Similarly actionable, and aimed at planners and designers, Creating Healthy Neighborhoods: Evidence-Based Planning and Design Strategies, by Ann Forsyth, Emily Salomon, and Laura Smead (Routledge, 2017), relies on extensive quantitative and qualitative data. Confirming common-sense links to improved housing, like increased happiness, the book also illuminates surprising ones, such as reduced smoking. Data in Creating Healthy Neighborhoods point to the need for more housing options, centering on those with the most health vulnerabilities. LGBTQ youth and older residents are two of the most vulnerable groups in New York. Queer Students of Architecture, Planning, and Preservation’s (QSAPP’s) Safe Space: Housing LGBTQ Youth Experiencing Homelessness (Columbia GSAPP, 2019, available in print and online) presents a visual analysis of existing shelter types, funding research, and design and programming best practices, including “adjacency to local clinics or partnerships with mobile clinics.” Addressing the other end of the age spectrum, the NYC Aging in Place Guide for Building Owners (2016), which I edited in collaboration with advisors convened by the American Institute of Architects New York Chapter’s Design for Aging Committee, promotes health for older New Yorkers through retrofits to multifamily buildings, designed to reduce the risk of falls and combat social isolation.
Human and Planetary Health
Human and planetary health cannot be separated. And no plan to improve New Yorkers’ health through housing can ignore the city’s largest stock of affordable homes. Enter A Green New Deal for New York City Housing Authority (NYCHA) Communities (Data for Progress with two University of Pennsylvania centers, 2019), by Daniel Aldana Cohen, Billy Fleming, Kira McDonald, Nick Graetz, Mark Paul, Alexandra Lillehei, Katie Lample, and Julian Brave NoiseCat. The plan for deep energy retrofits to existing NYCHA homes plus new public housing—to “provide economic and environmental benefits to racialized and working-class communities,” reduce residents’ asthma rates by 18% to 30%, and “massively improve safety, health, and comfort in NYCHA apartments”—is essential reading on local approaches to dual climate and housing emergencies. Also addressing health equity and climate justice, Design as Preventative Care: Achieving Climate Justice through Interdisciplinary Collaboration (2020) by the Urban Design Forum’s Forefront Fellows, zeros in on design strategies to mitigate the effects of extreme heat in residents’ bodily systems; and Enterprise Green Communities Criteria (Enterprise Community Partners, 2020), the national green building framework designed for privately developed affordable housing, incorporates healthy living metrics.

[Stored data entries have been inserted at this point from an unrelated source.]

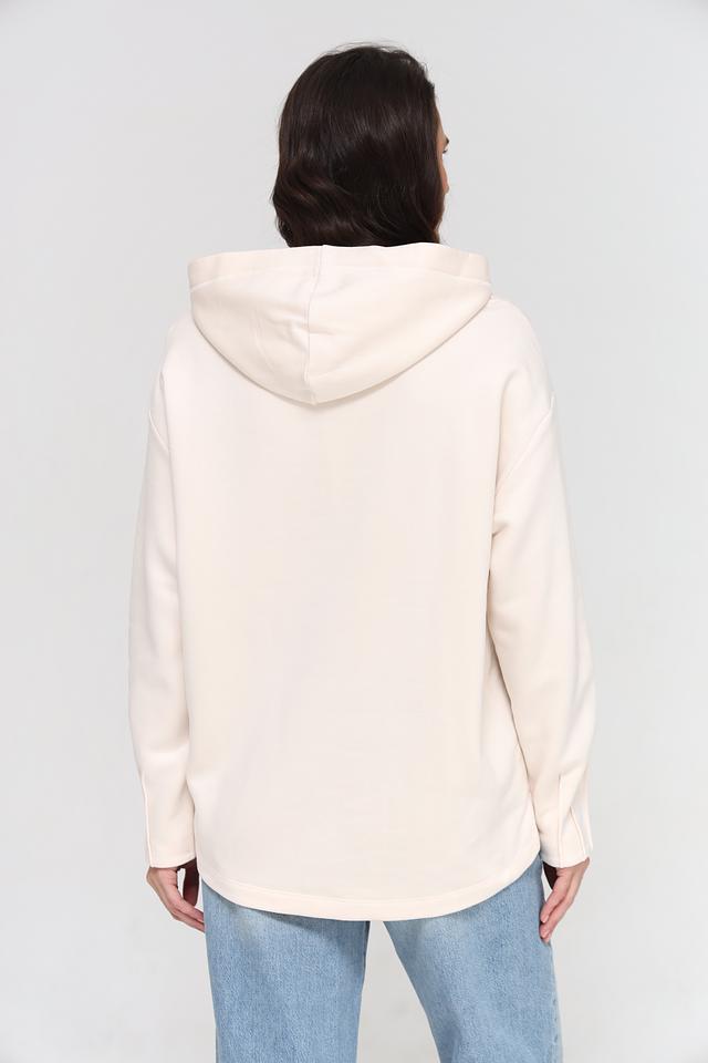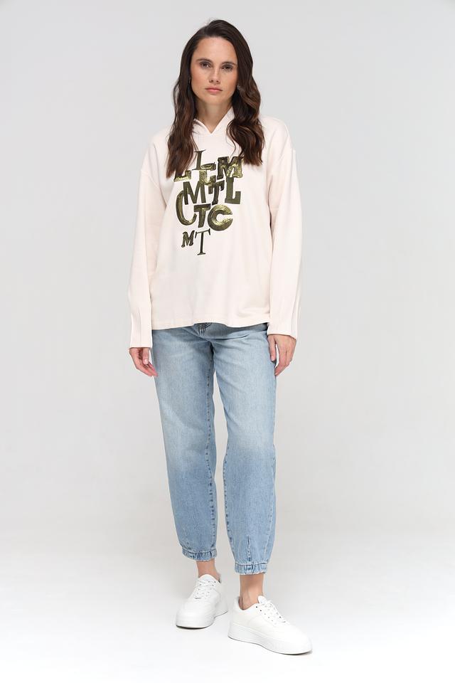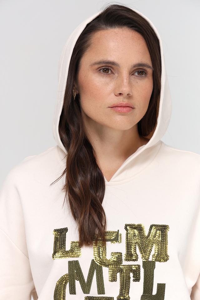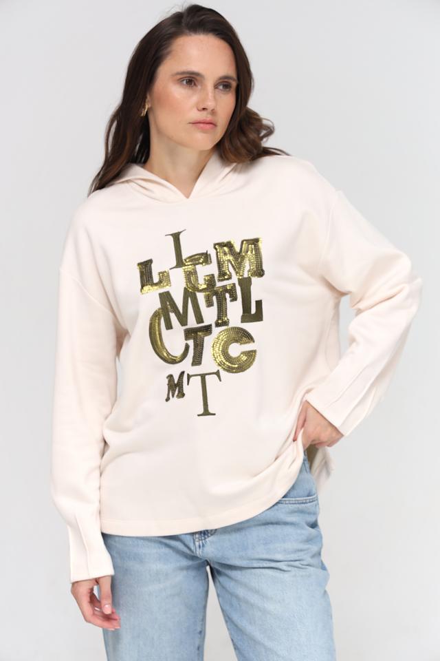 Бежевый пуловер Lecomte с капюшоном украшен эффектным логотипом из пайеток. Модель свободного кроя выполнена из мягкого и приятного к телу модала с добавлением хлопка. Состав: модал 80%, хлопок 20%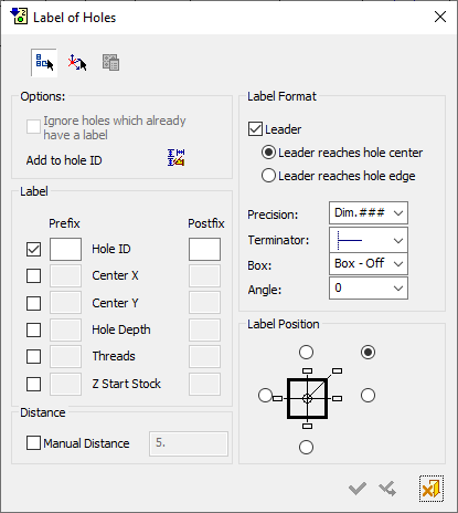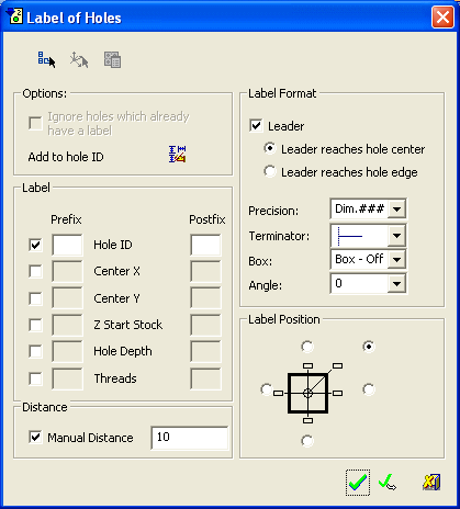 InvokeInvoke the Automatic Label of Holes function. The Label of Holes dialog is displayed, as follows: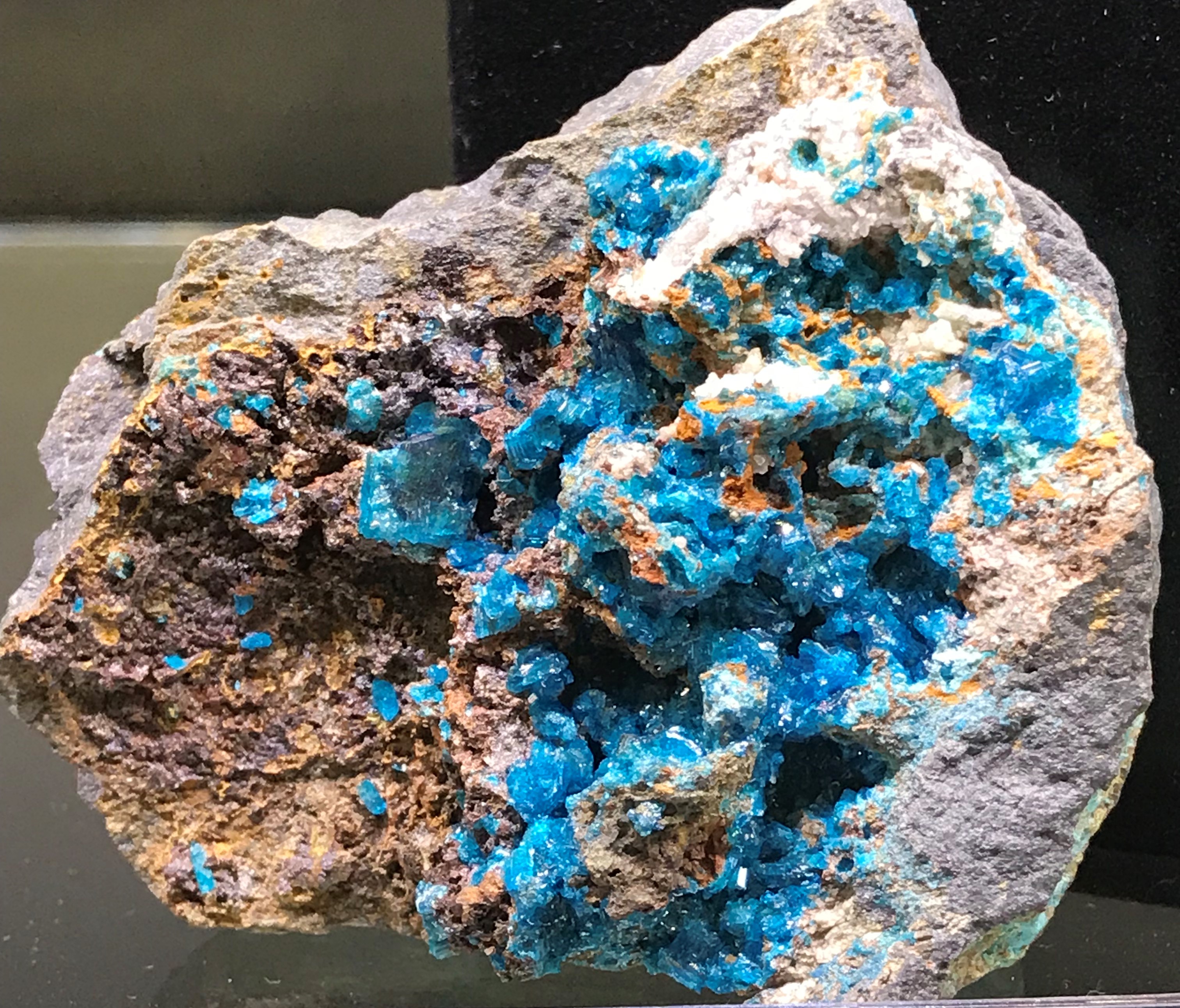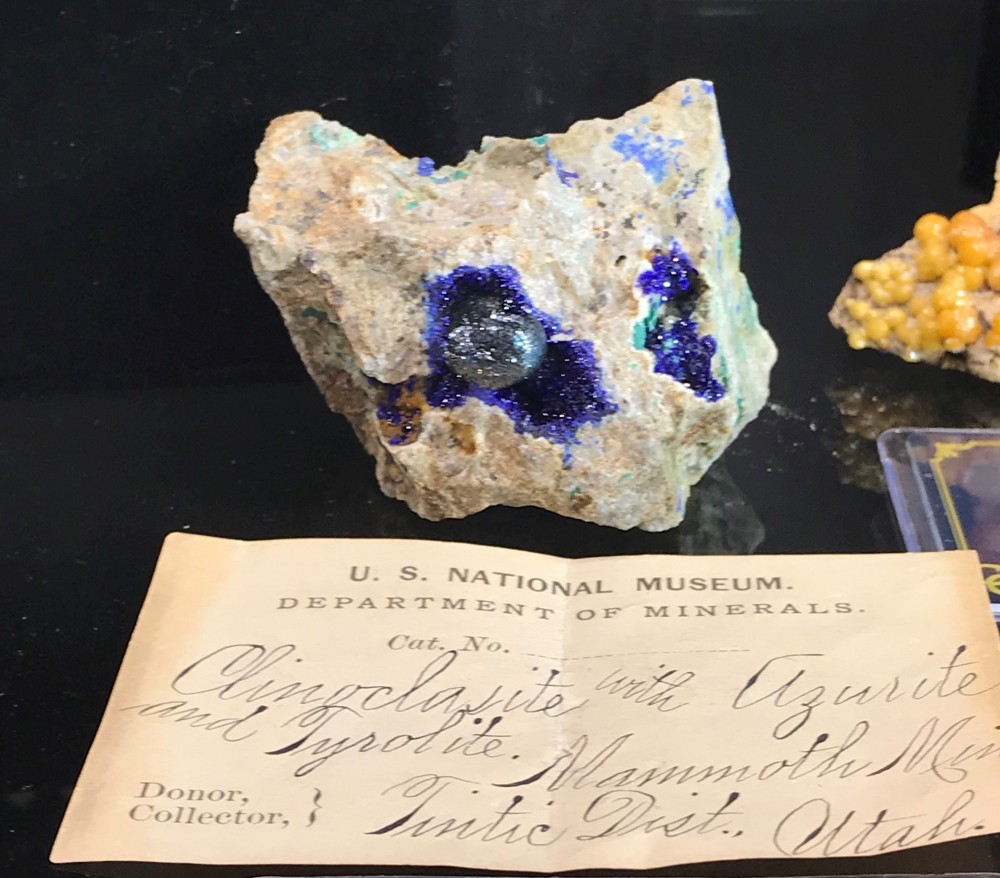 Clinoclasite et azurite, avec tyrolite, mine Mammoth, Utah, USA.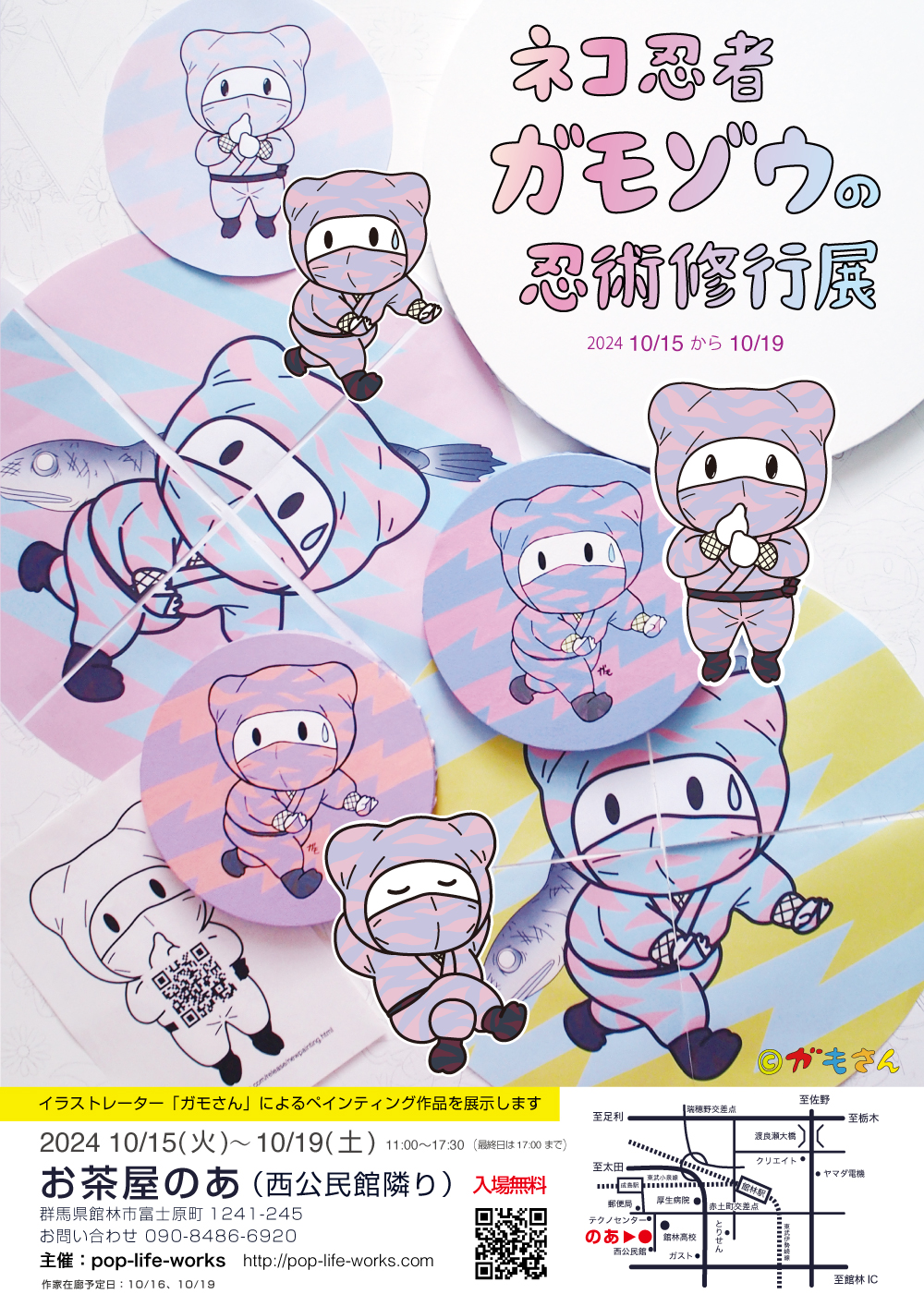 群馬県館林市お茶屋のあにて『ネコ忍者ガモゾウの忍術修行展』開催予定!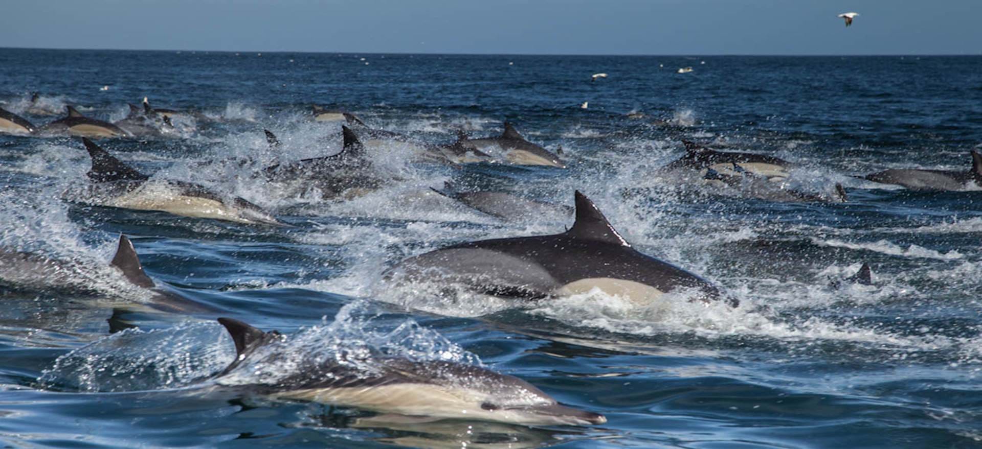 Die Delfine schnellen direkt vor unserer Nase durch das kühle Nass. Mit gekonnten Bewegungen trennen sie kleinere Fischschwärme aus dem Schutz des Riesenschwarms und treiben sich die entstehenden Baitballs zu, die damit leichte Beute sind. Während ich fasziniert ihrer Jagd zuschaue, kommen auf einmal von allen Seiten weitere Räuber heran. Haie und riesige Tümmler bahnen sich ihren Weg durch die Sardinen, während vom Himmel Albatrosse und Tölpel aus bis zu 30 Meter ins Wasser schießen. Ich bin so aufgeregt, dass meine Hände zittern und weiß nicht, wo ich zuerst hinschauen soll.
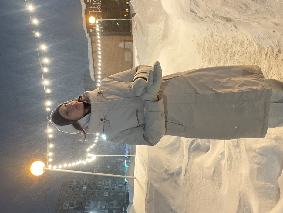 This image depicts a female individual outdoors at night during a heavy snowfall event in Central Square, Izhevsk, Russia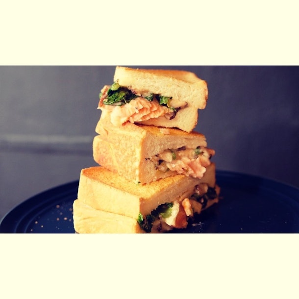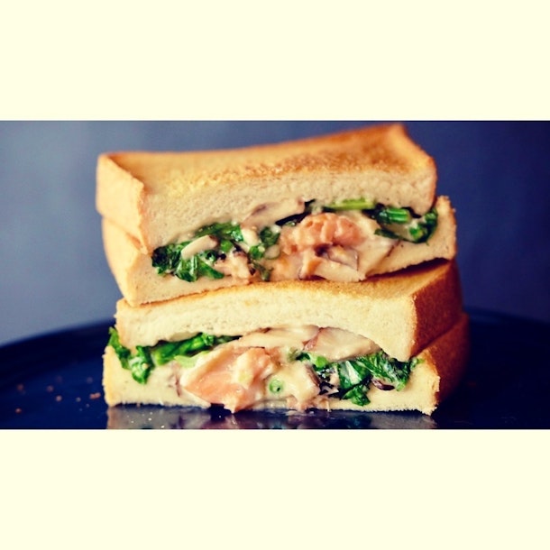 クリーム煮を利用してつくる、ベシャメル要らずのクロックムッシュ🥪中身はクミンフレーバーのサーモンです♩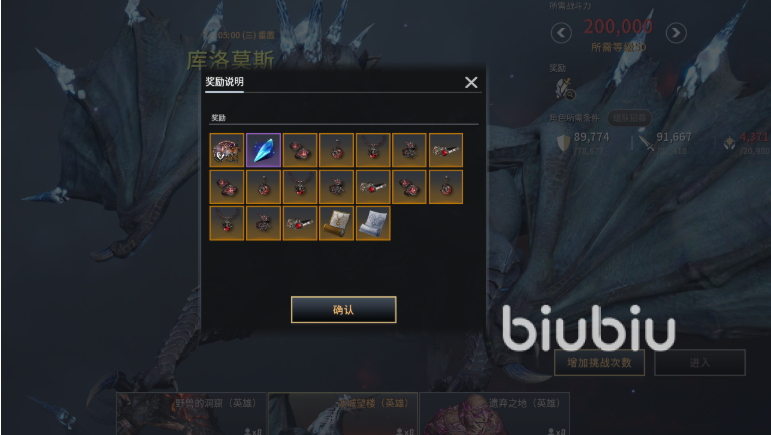 第三个精英副本,每周二四会重置,主要可获得高阶武器装备和首饰,强化石,设计图。第四个就是英雄副本,这个副本有特殊的准入机制,需要全员确认才能入场,一三五会刷新奖励;高阶首饰武器装备,强化石,古代币,设计图,神话精灵卡,都可在该副本中获取。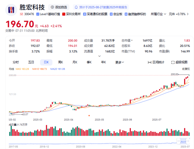 虽然胜宏科技有一定资金压力,但是其在二级市场的表现颇为亮眼。Wind数据显示,截至7月30日,胜宏科技年初至今股价涨幅逾350%,公司总市值已突破1600亿,创历史新高。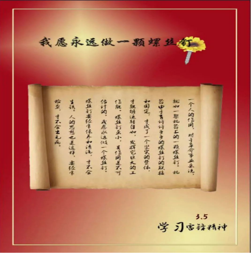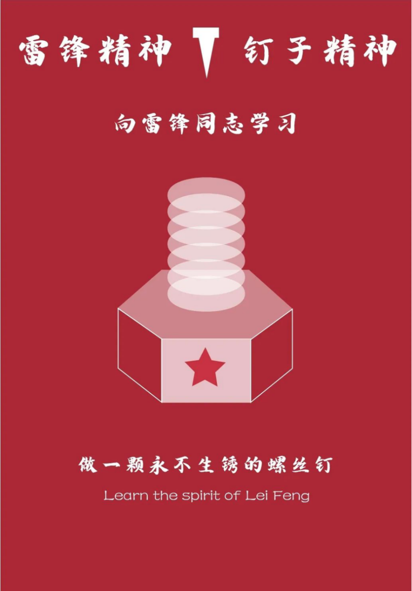 雷锋是我们心中“永不生锈的螺丝钉”。海报背景采用黄色和橙色,代表我们充满无限生机和活力,运用一颗颗钉子谱写歌唱祖国,意在表达我们每个人向雷锋同志学习,自觉融入党和人民的事业中去,干一行、爱一行、钻一行,立志在平凡中干出不平凡的业绩,定会使我们的祖国更加富强!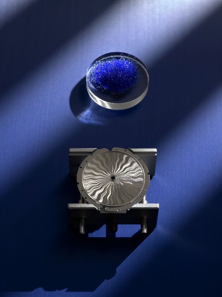 本モデルのダイアルには、最高峰の職人によるギョーシェ彫りの装飾、そして彫金とエナメルを組み合わせる「シャンルベ」と、ギョーシェ彫りの上から透明エナメルを施す「フランケ」の2種類の技法によるグラン フー エナメルが施されている。1本のダイアルを製作するために、異なる技を持つ4人の熟練職人が集結して仕上げられた。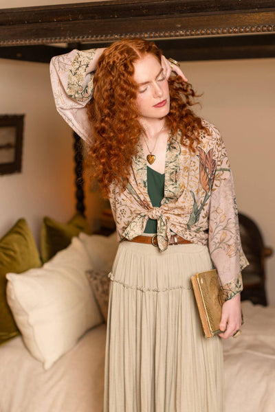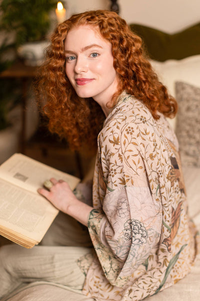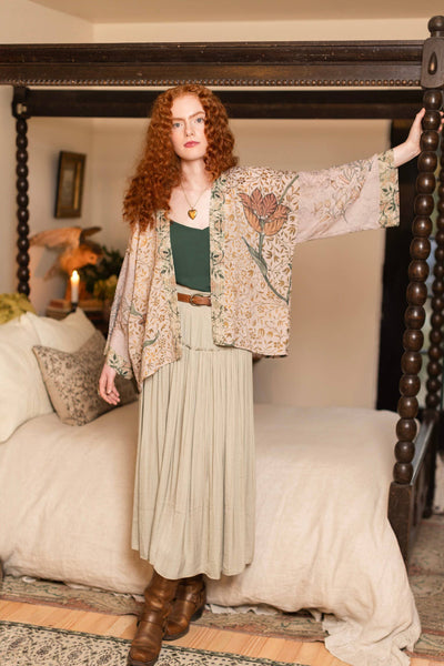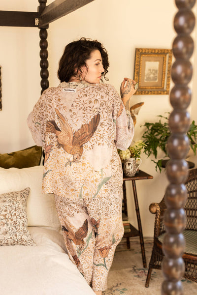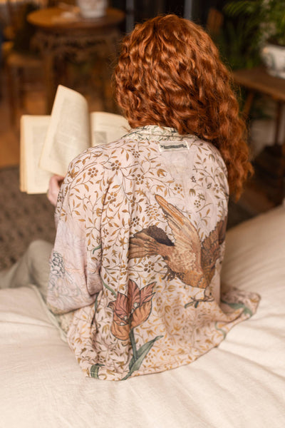 A fairy tale you can wear -- Folklore is our celebration of the Arts & Crafts movement, and our nod to the beauty of “non-finito” (art that is a work-in-progress). The printed Bird of Peace comes from an original hand stitched work by fibre artist Kim Donohoe, who used single-ply thread to capture every detail of plumage. The background panels come from unfinished works created in 1885 by British artist William Morris, whose original pencil sketch lines can be seen where the designs remain incomplete. We left these in intentionally, to celebrate the profound beauty of the artistic process!

Public Housing Works by London’s Karakusevic Carson Architects (Lund Humphries, 2021) offers design inspiration for the future of healthy public housing. Though London and New York have suffered from similar histories of disinvestment, London has recently been developing new public housing. This book details some of the best work, with architectural drawings, critical essays, and documentation of community-engaged design processes. Bringing it back home, Scalable Design Solutions for NYCHA (Peterson Rich Office with the Regional Plan Association, 2020) addresses the social determinants of health for NYCHA residents through integrated design approaches guided by resident participation. The proposed interventions renovate and expand existing NYCHA towers to provide improved, greener spaces for current residents and additional new homes. Together, these publications offer more than enough data, historical lessons, design ideas, and guidance to provide healthy housing for all New Yorkers. The strategies are many, but the imperative is clear.